-- Input for this task follows --

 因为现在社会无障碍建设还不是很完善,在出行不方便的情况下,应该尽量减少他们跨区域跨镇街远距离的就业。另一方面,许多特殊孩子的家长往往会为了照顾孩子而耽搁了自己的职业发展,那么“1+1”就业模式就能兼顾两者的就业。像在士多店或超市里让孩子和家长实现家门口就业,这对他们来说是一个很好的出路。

-- Input for this task concluded --
-- Input for this task follows --

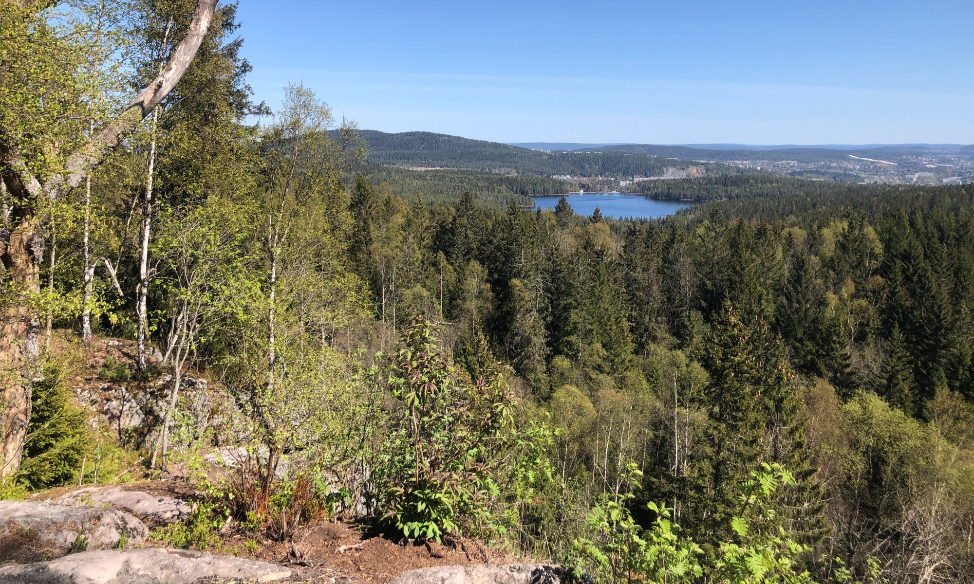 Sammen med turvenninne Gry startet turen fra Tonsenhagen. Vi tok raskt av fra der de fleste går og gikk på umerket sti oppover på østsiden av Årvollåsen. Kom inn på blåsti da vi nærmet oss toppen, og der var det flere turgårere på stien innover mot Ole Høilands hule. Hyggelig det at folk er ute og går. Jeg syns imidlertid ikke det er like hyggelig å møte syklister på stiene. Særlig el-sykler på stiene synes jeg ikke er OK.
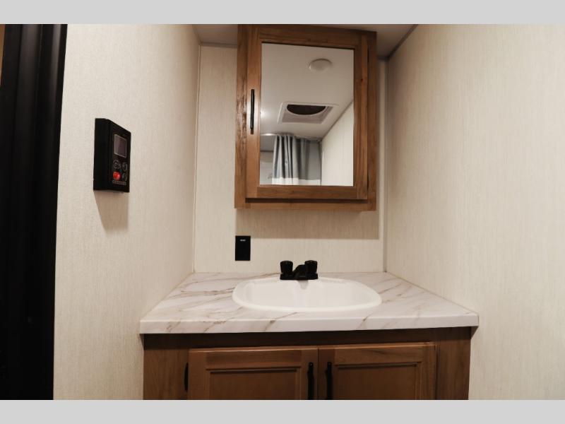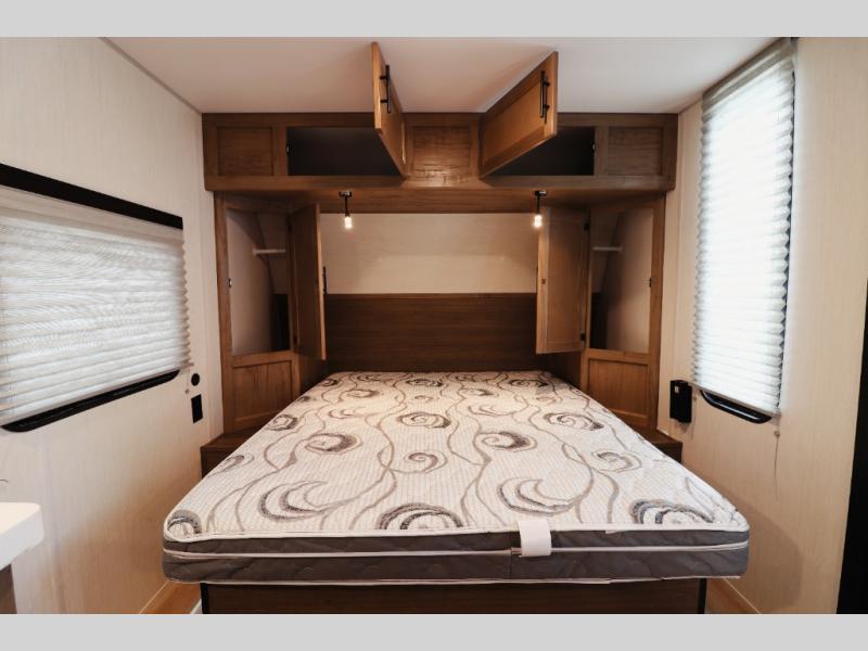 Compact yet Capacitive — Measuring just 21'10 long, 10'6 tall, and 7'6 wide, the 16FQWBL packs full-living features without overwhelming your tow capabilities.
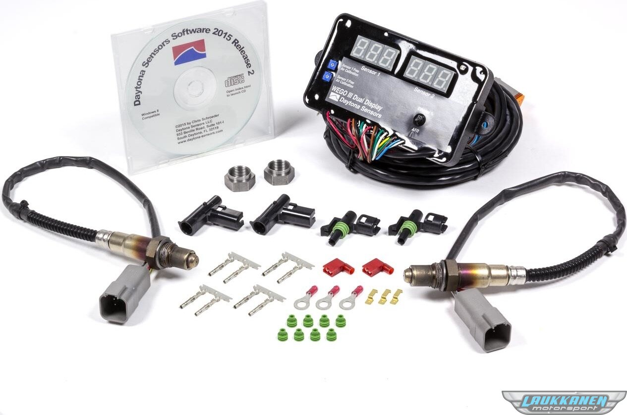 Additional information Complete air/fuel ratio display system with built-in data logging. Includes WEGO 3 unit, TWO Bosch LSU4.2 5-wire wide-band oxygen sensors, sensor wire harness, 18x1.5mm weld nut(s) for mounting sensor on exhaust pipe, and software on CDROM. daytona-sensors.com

-- Input for this task concluded --
-- Input for this task follows --

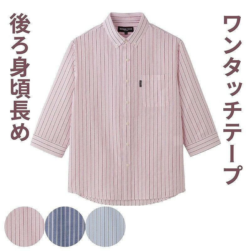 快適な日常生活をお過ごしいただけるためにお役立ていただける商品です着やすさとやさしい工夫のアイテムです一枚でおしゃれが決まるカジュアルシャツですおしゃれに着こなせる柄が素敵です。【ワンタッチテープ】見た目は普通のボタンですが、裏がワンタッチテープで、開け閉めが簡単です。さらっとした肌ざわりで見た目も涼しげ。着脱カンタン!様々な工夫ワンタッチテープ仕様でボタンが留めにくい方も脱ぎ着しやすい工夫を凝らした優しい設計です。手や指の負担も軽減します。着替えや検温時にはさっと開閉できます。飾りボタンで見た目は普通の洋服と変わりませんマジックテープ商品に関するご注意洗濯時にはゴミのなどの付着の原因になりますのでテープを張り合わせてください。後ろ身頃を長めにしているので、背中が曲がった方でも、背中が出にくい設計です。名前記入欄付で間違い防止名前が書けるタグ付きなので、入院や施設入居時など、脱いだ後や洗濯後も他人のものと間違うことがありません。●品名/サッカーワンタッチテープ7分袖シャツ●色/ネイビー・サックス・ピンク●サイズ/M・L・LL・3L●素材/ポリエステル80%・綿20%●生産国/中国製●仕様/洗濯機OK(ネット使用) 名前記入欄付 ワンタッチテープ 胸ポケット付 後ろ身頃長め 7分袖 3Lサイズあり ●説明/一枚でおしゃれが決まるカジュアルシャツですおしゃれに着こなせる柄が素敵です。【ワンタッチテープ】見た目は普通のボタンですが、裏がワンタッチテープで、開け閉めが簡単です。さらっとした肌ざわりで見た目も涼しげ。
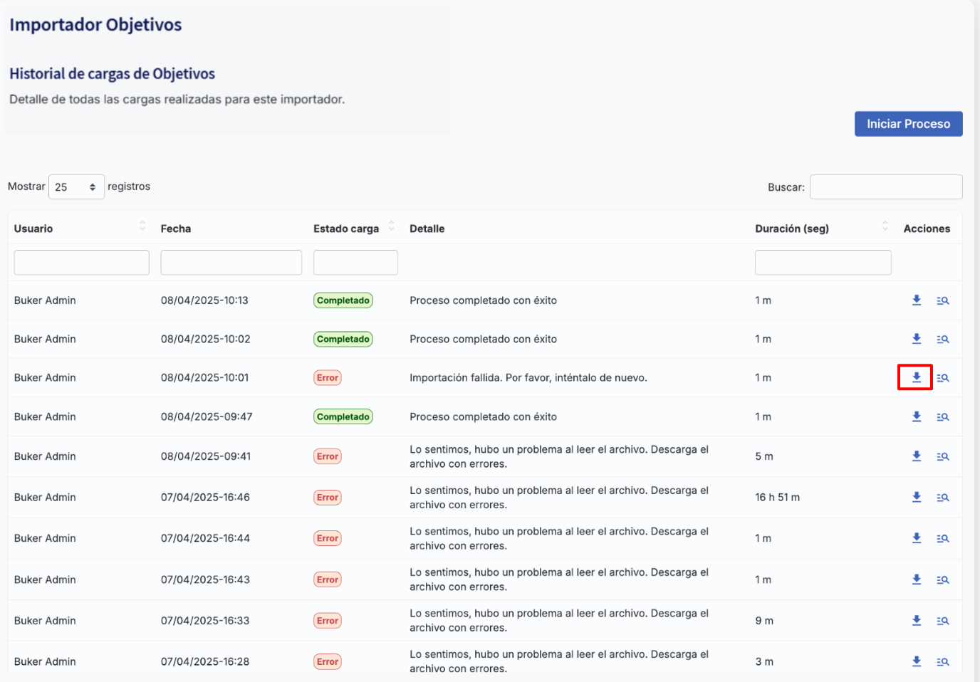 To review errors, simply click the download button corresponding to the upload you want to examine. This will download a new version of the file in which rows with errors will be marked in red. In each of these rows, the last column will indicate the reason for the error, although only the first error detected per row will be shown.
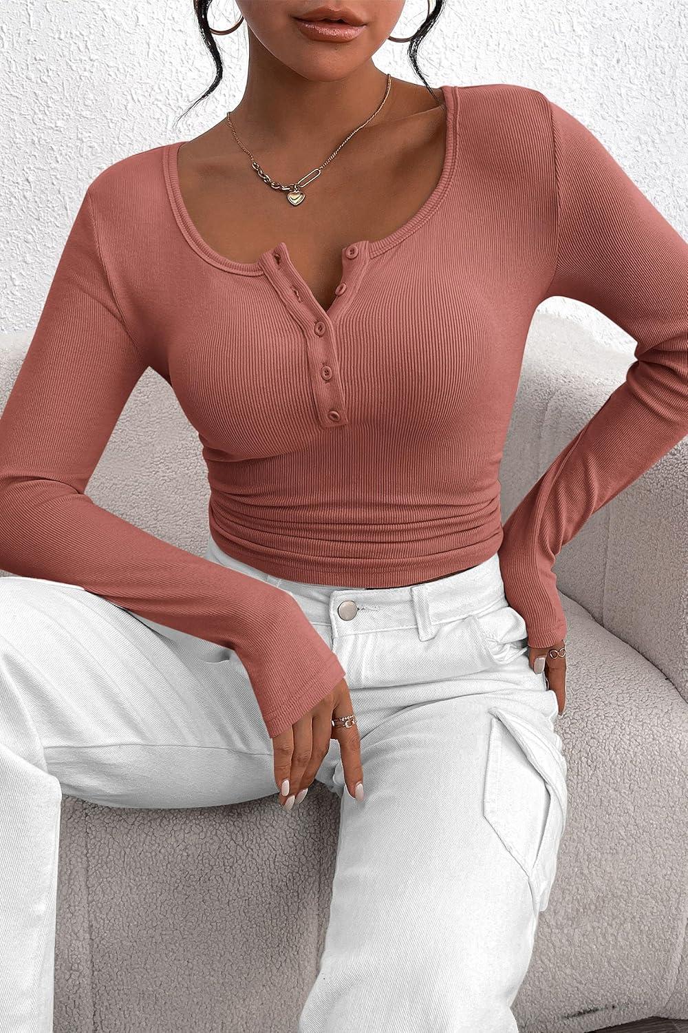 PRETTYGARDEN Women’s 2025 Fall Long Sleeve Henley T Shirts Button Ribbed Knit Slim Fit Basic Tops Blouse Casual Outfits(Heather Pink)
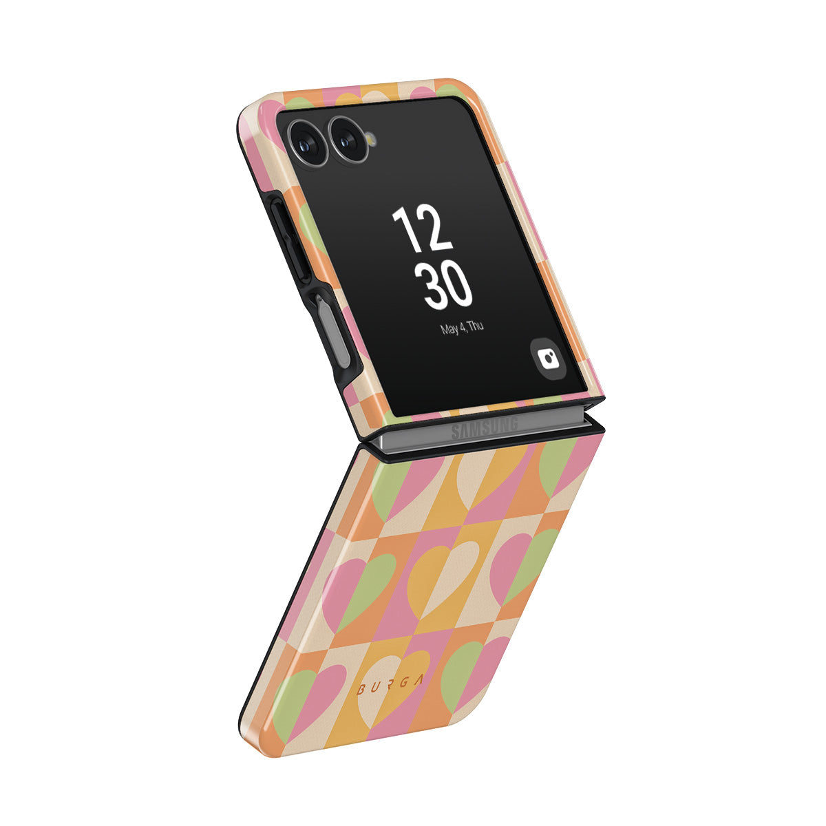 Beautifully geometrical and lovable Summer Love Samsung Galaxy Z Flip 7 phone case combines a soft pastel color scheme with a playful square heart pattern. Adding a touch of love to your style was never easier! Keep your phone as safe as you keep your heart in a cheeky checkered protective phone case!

-- Input for this task concluded --

#### What is being asked
Using the data above, give again exactly the lines starting at the one holding "Sammen med turvenninne" and ending at the one holding "Additional information Complete", inclusive, and nothing more. Omit the pictures.

#### Response box
 Sammen med turvenninne Gry startet turen fra Tonsenhagen. Vi tok raskt av fra der de fleste går og gikk på umerket sti oppover på østsiden av Årvollåsen. Kom inn på blåsti da vi nærmet oss toppen, og der var det flere turgårere på stien innover mot Ole Høilands hule. Hyggelig det at folk er ute og går. Jeg syns imidlertid ikke det er like hyggelig å møte syklister på stiene. Særlig el-sykler på stiene synes jeg ikke er OK.
 Compact yet Capacitive — Measuring just 21'10 long, 10'6 tall, and 7'6 wide, the 16FQWBL packs full-living features without overwhelming your tow capabilities.
 Additional information Complete air/fuel ratio display system with built-in data logging. Includes WEGO 3 unit, TWO Bosch LSU4.2 5-wire wide-band oxygen sensors, sensor wire harness, 18x1.5mm weld nut(s) for mounting sensor on exhaust pipe, and software on CDROM. daytona-sensors.com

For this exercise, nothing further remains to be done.